A bust-up between the developer of a block of flats and an estate agent managed to find its way through the County Court, the Court of Appeal, and all the way up to the top court in the land, the Supreme Court. It was all about an alleged oral deal, vigorously denied, concerning commission claimed by an agent on a sale of several properties.
There are not that many businesses with serious money at stake where purely oral deals are done between the parties, but the property world still appears to be one of them, and, par excellence, the art world is another.
This recent case provides some important lessons to those in the trade who still do deals over a handshake.
It was a phone conversation in January 2008 between an agent (Mr Devani) and a developer (Mr Wells), with nothing put in writing afterwards, which gave rise to the epic decade-long journey through the English legal system. All because there was no written contract.
As Lord Kitchin’s judgment recites: “The parties at trial gave strikingly different accounts about what was said in the course of this telephone conversation. It was Mr Devani’s evidence that he told Mr Wells that he was an estate agent and that his commission terms would be 2% plus VAT. Mr Wells maintained that Mr Devani made no mention of any commission and gave the impression he was an investor looking to buy on his own account.”
After minute analysis, the County Court Judge found there was a binding contract between Mr Devani and Mr Wells and so the monies were payable.
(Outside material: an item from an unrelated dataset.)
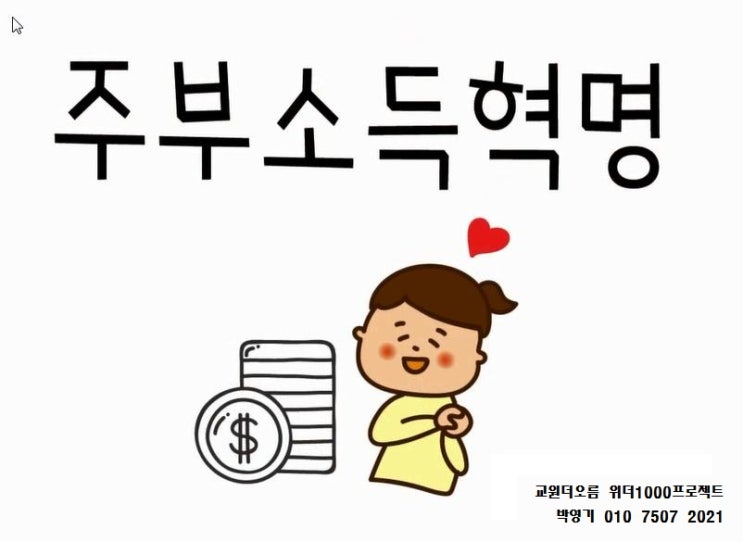 "주부소득혁명"? 주부들이 세상을 살리는 일? 그것이 무엇일까요?? ^^ 주부들이 하는 일 없이 시간이 지나...

However, as Mr Devani was awarded less than he claimed, the aggrieved parties went to the Court of Appeal where Lord Justice Lewison – who has written the defining book on ‘the interpretation of contracts’ – decided that there was no contract between the two litigants.
Off both sides went, each upset for their own reasons, to the Supreme Court. Another detailed analysis took place with Lord Kitchin eventually taking a very different view from that of Lord Justice Lewison. After trawling through the judgments in previous cases back to 1941, and quoting them at length, he said the approach of the County Court judge had been correct. Key to his summing up was this; “Put another way, to leave Mr Wells without any obligation to pay Mr Devani would be completely inconsistent with the nature of their relationship…”
Needless to say, apart from the time involved, there was a great deal of expense as well. The Supreme Court gave its judgment in February 2019.
Some well-invested time sorting out the paperwork or 11 years of arguments, expense, time in court and much more? The lesson for the art trade is self-evident. In an important deal (and even an unimportant one) get a proper contract prepared.
Milton Silverman is senior commercial dispute resolution partner at Streathers Solicitors LLP, London.